THE TASK
Output nothing but the lines from the beginning of the listing below through the line containing "課例簡(jiǎn)介: 連老師的《What would", exactly as they stand, without pictures.
==============================
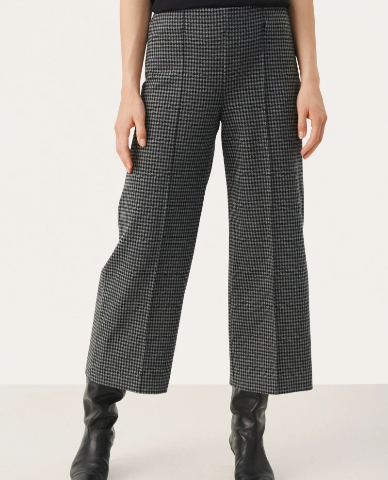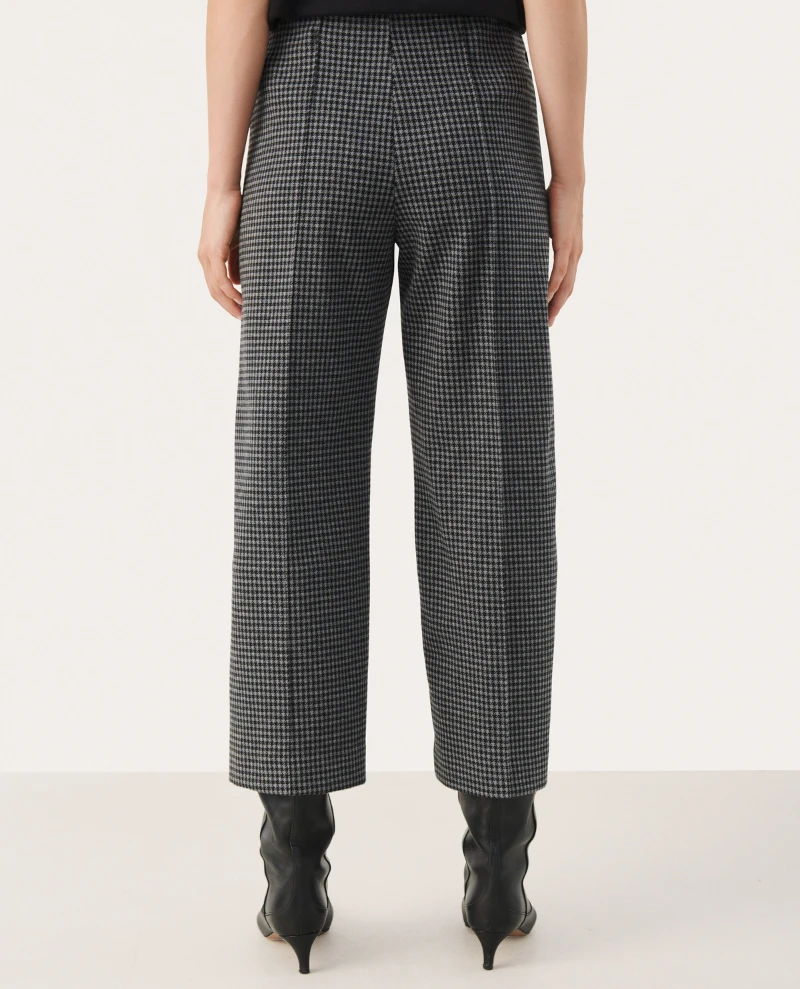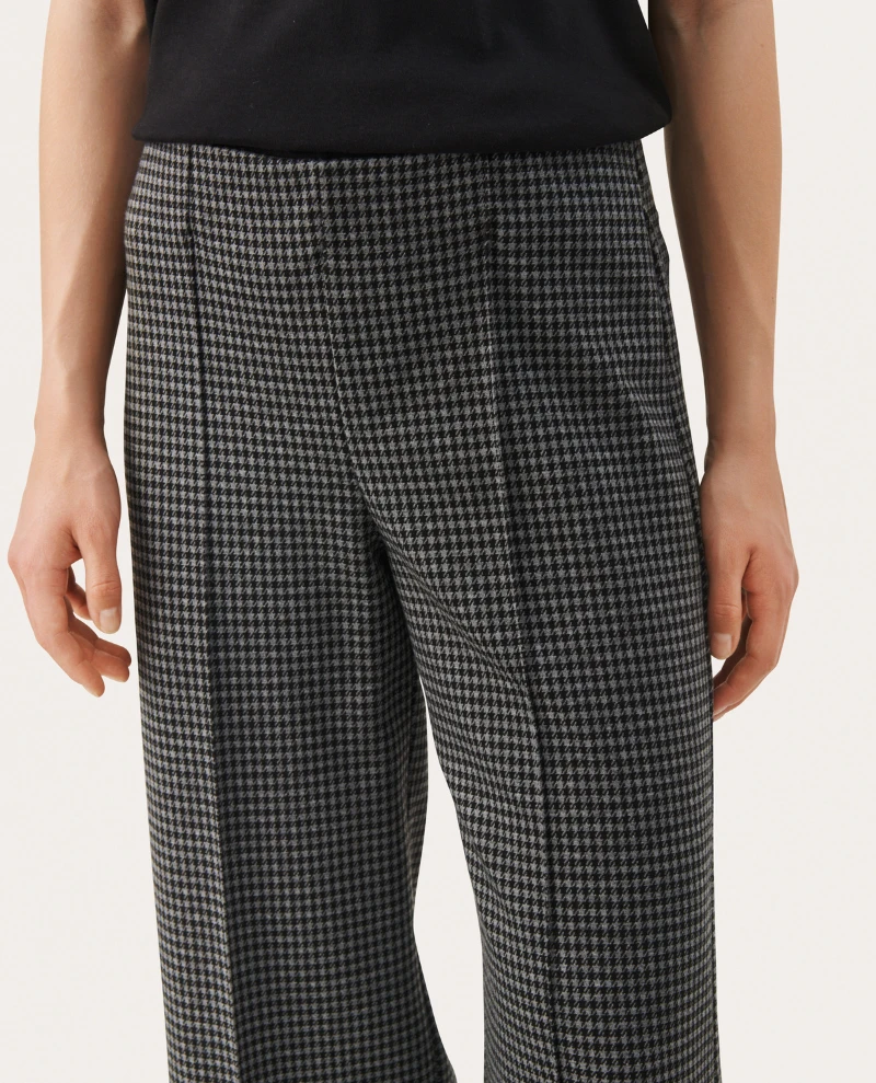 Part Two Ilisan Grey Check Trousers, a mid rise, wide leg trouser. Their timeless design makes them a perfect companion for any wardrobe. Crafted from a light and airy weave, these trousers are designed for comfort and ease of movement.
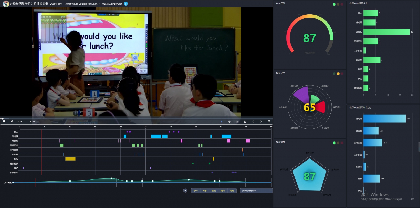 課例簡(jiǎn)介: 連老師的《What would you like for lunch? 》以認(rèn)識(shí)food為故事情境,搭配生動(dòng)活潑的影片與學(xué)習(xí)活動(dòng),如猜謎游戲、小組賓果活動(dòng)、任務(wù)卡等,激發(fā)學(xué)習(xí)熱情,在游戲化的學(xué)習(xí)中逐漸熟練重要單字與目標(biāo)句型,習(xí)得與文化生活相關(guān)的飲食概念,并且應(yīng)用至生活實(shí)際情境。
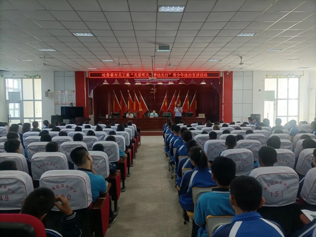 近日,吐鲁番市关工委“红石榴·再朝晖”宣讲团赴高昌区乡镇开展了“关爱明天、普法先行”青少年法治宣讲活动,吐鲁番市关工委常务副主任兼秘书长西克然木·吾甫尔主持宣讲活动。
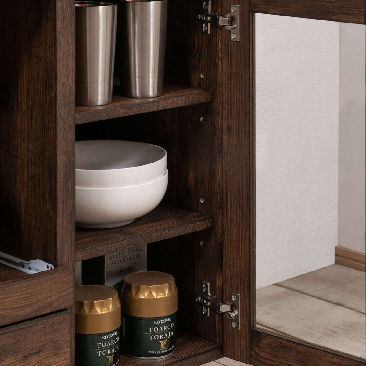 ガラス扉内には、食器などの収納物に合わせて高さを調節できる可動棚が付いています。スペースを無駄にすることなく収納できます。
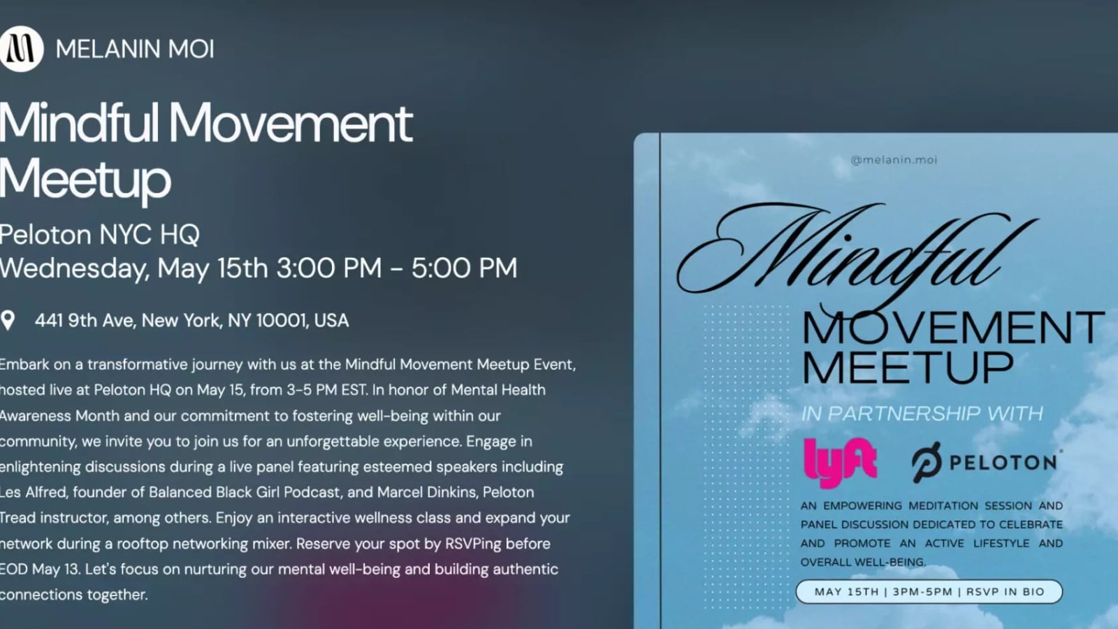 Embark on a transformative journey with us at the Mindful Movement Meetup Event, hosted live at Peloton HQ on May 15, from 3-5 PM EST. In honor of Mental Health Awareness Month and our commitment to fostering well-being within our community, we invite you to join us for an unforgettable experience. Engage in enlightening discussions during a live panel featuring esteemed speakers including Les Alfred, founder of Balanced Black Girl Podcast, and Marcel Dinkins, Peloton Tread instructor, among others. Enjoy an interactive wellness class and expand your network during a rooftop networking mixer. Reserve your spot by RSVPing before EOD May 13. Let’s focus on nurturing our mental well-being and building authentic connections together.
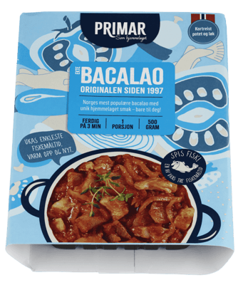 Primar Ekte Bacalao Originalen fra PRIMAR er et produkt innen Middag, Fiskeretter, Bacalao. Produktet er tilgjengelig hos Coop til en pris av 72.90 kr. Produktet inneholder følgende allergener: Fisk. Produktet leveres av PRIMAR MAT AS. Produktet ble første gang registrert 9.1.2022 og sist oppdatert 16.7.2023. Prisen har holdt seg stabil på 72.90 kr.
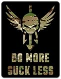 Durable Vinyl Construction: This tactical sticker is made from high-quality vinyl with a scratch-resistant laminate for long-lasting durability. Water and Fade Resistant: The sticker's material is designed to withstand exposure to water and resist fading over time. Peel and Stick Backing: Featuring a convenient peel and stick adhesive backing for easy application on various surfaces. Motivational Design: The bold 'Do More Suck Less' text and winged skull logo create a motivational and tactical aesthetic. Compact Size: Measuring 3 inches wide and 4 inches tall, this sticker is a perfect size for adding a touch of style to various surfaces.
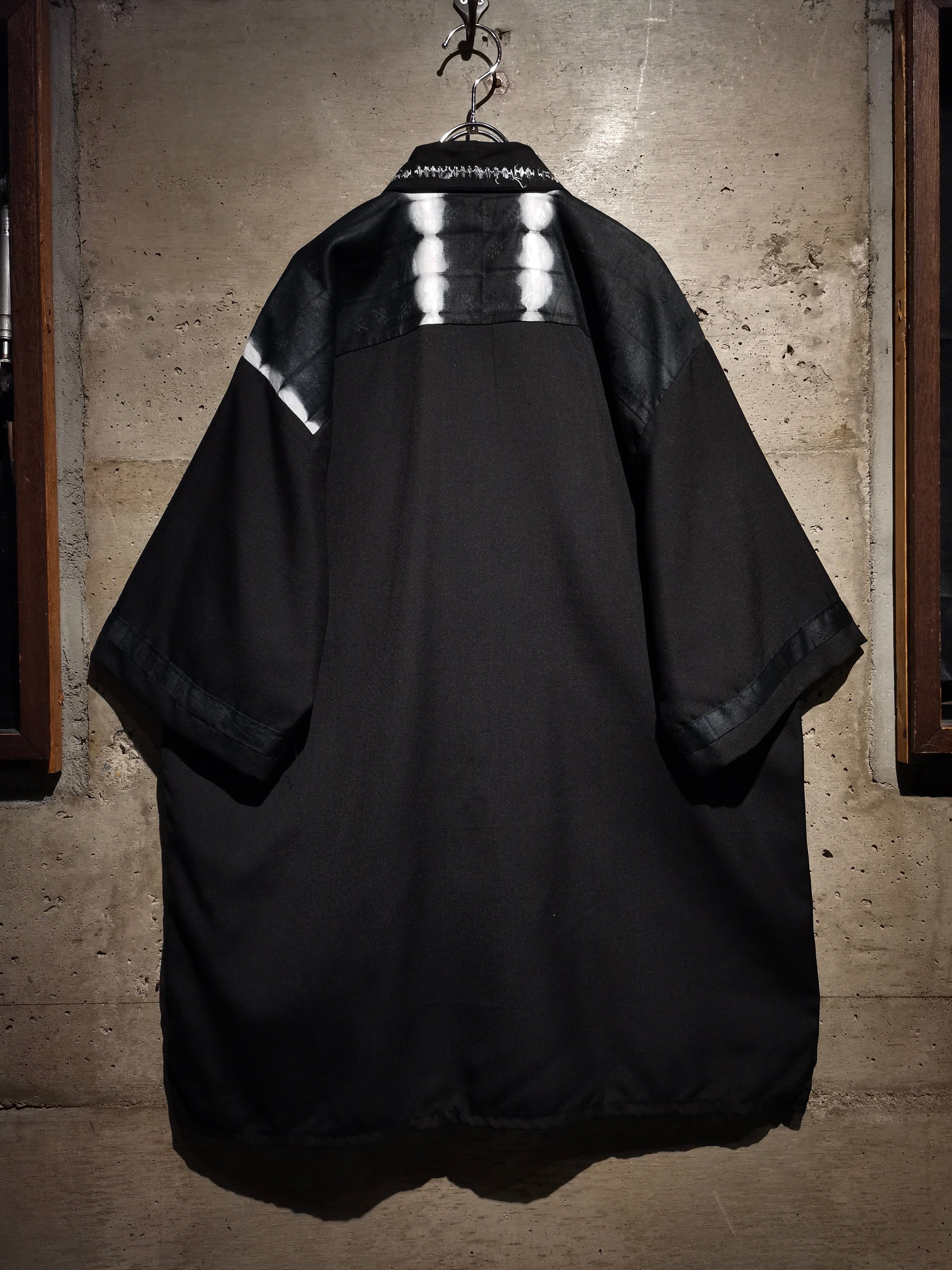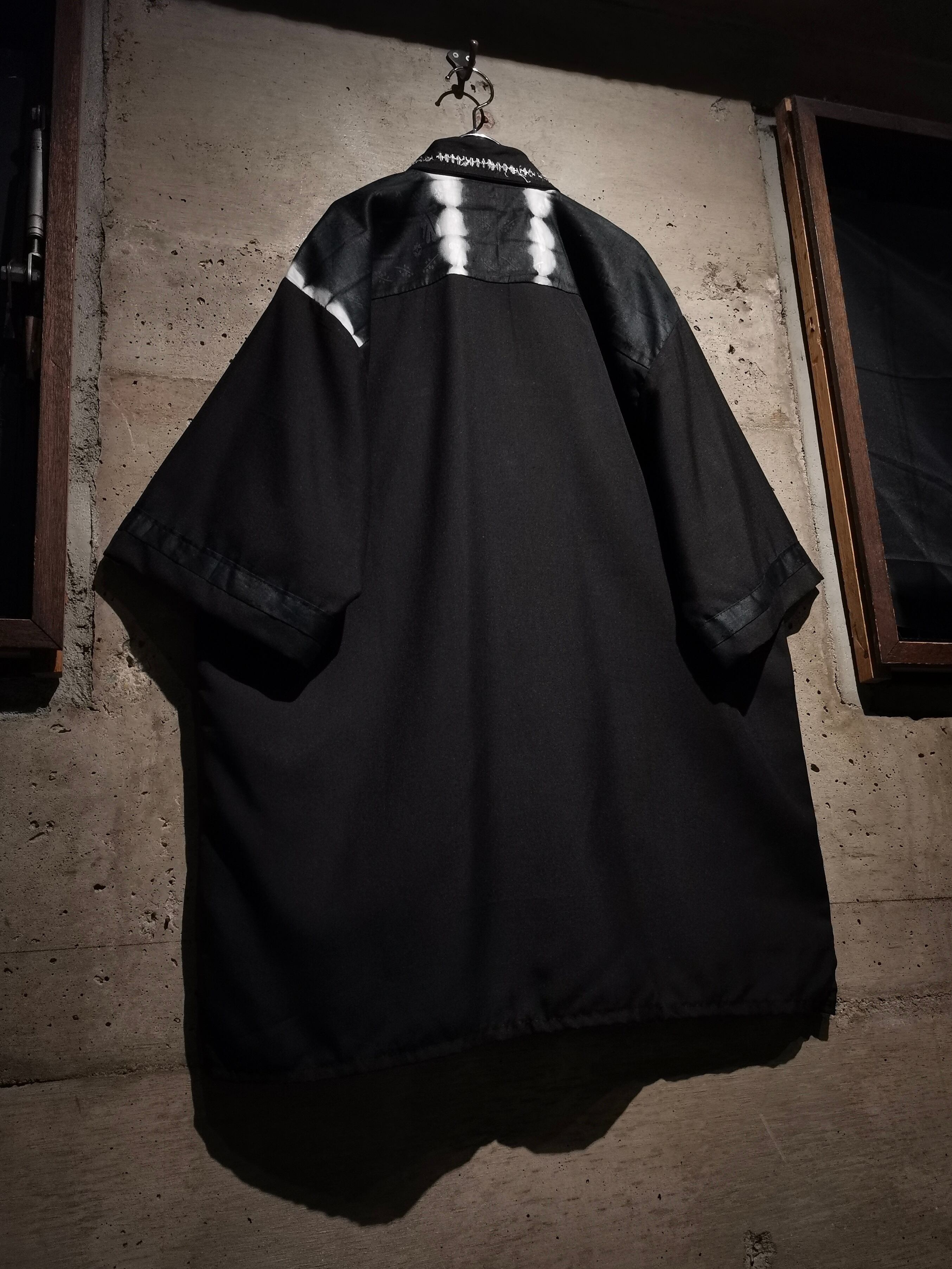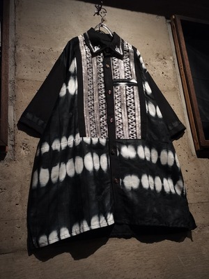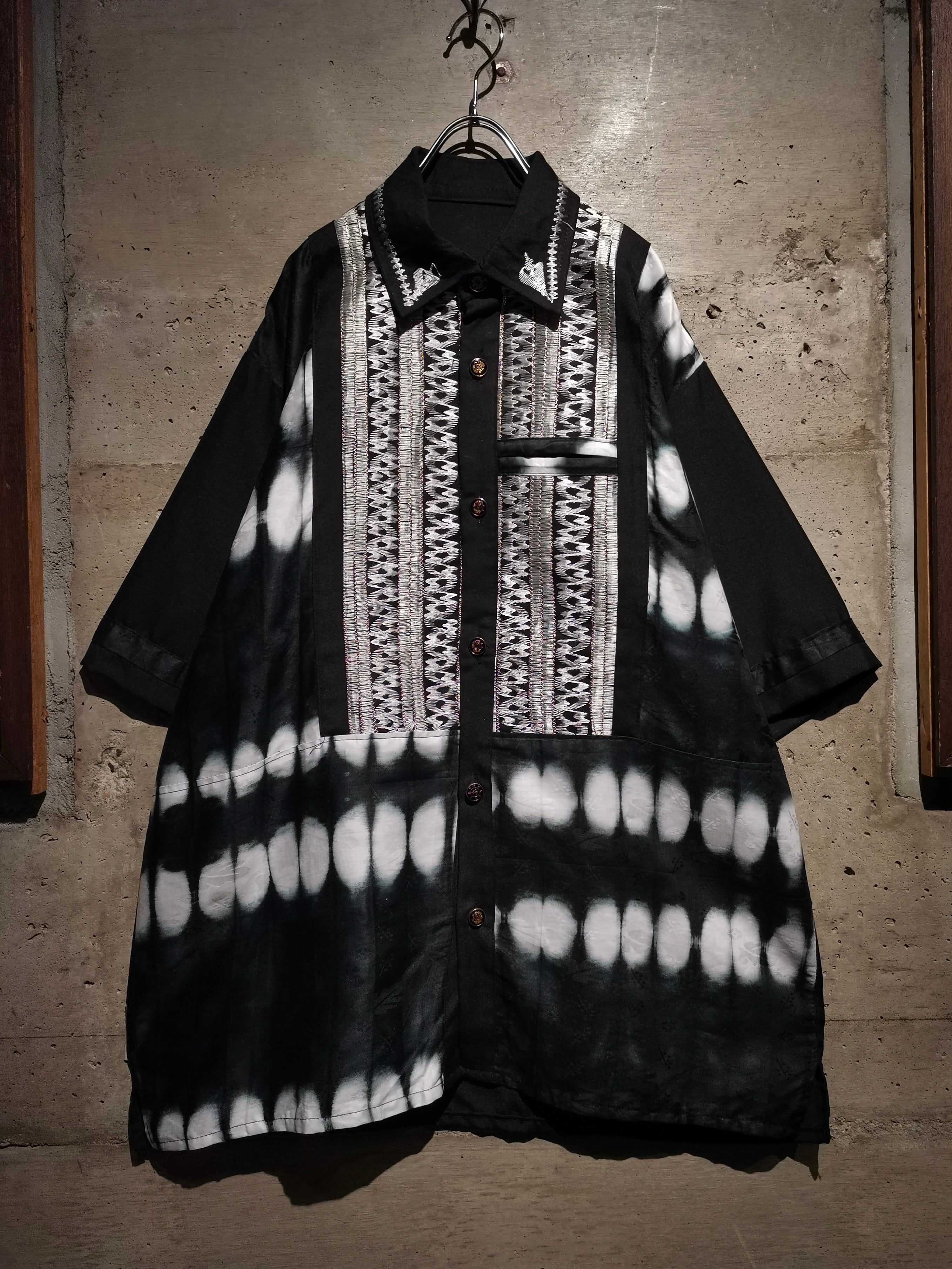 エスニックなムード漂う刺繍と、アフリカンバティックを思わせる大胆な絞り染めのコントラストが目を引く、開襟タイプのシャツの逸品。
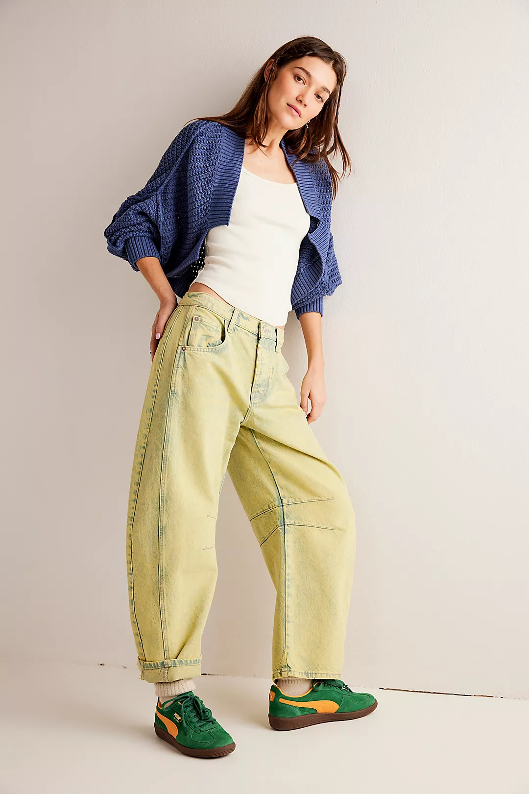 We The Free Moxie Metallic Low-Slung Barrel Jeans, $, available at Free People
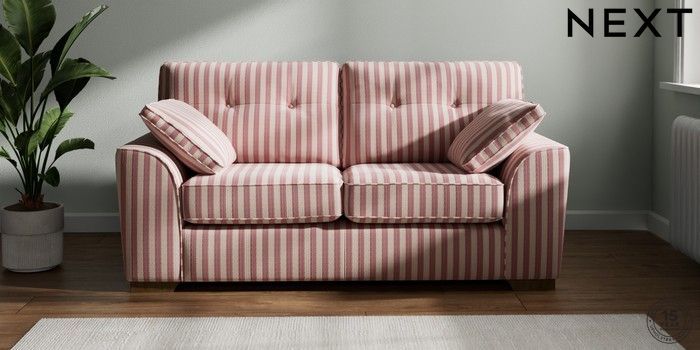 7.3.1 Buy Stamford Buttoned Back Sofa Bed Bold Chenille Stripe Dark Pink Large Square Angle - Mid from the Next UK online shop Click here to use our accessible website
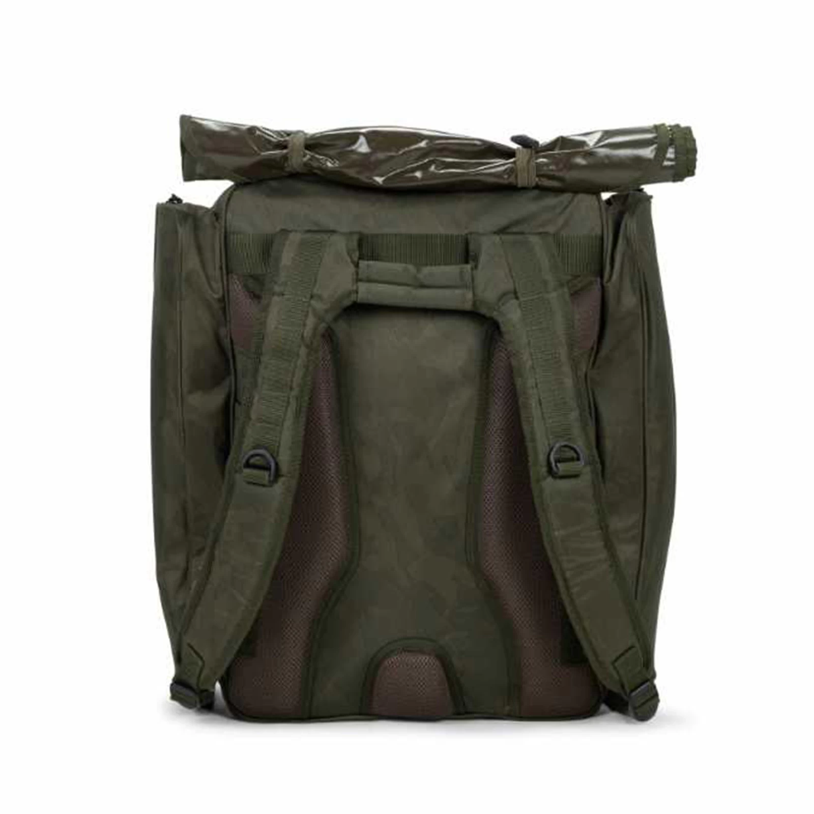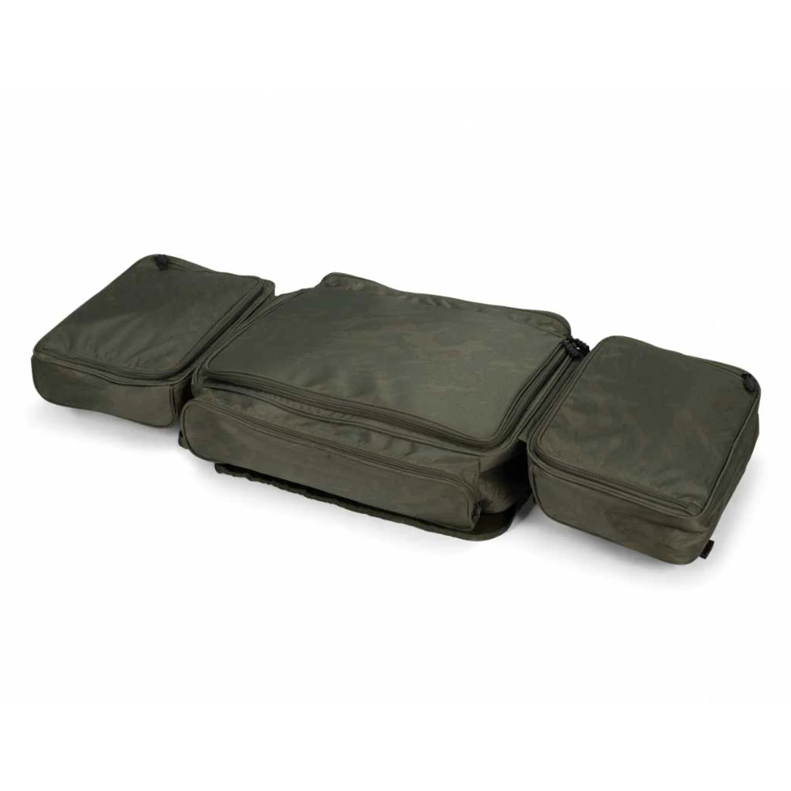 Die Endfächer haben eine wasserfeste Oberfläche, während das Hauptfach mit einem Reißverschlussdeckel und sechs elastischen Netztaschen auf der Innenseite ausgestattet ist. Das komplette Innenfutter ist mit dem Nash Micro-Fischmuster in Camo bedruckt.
==============================
REPLY TO THE TASK
 Part Two Ilisan Grey Check Trousers, a mid rise, wide leg trouser. Their timeless design makes them a perfect companion for any wardrobe. Crafted from a light and airy weave, these trousers are designed for comfort and ease of movement.
 課例簡(jiǎn)介: 連老師的《What would you like for lunch? 》以認(rèn)識(shí)food為故事情境,搭配生動(dòng)活潑的影片與學(xué)習(xí)活動(dòng),如猜謎游戲、小組賓果活動(dòng)、任務(wù)卡等,激發(fā)學(xué)習(xí)熱情,在游戲化的學(xué)習(xí)中逐漸熟練重要單字與目標(biāo)句型,習(xí)得與文化生活相關(guān)的飲食概念,并且應(yīng)用至生活實(shí)際情境。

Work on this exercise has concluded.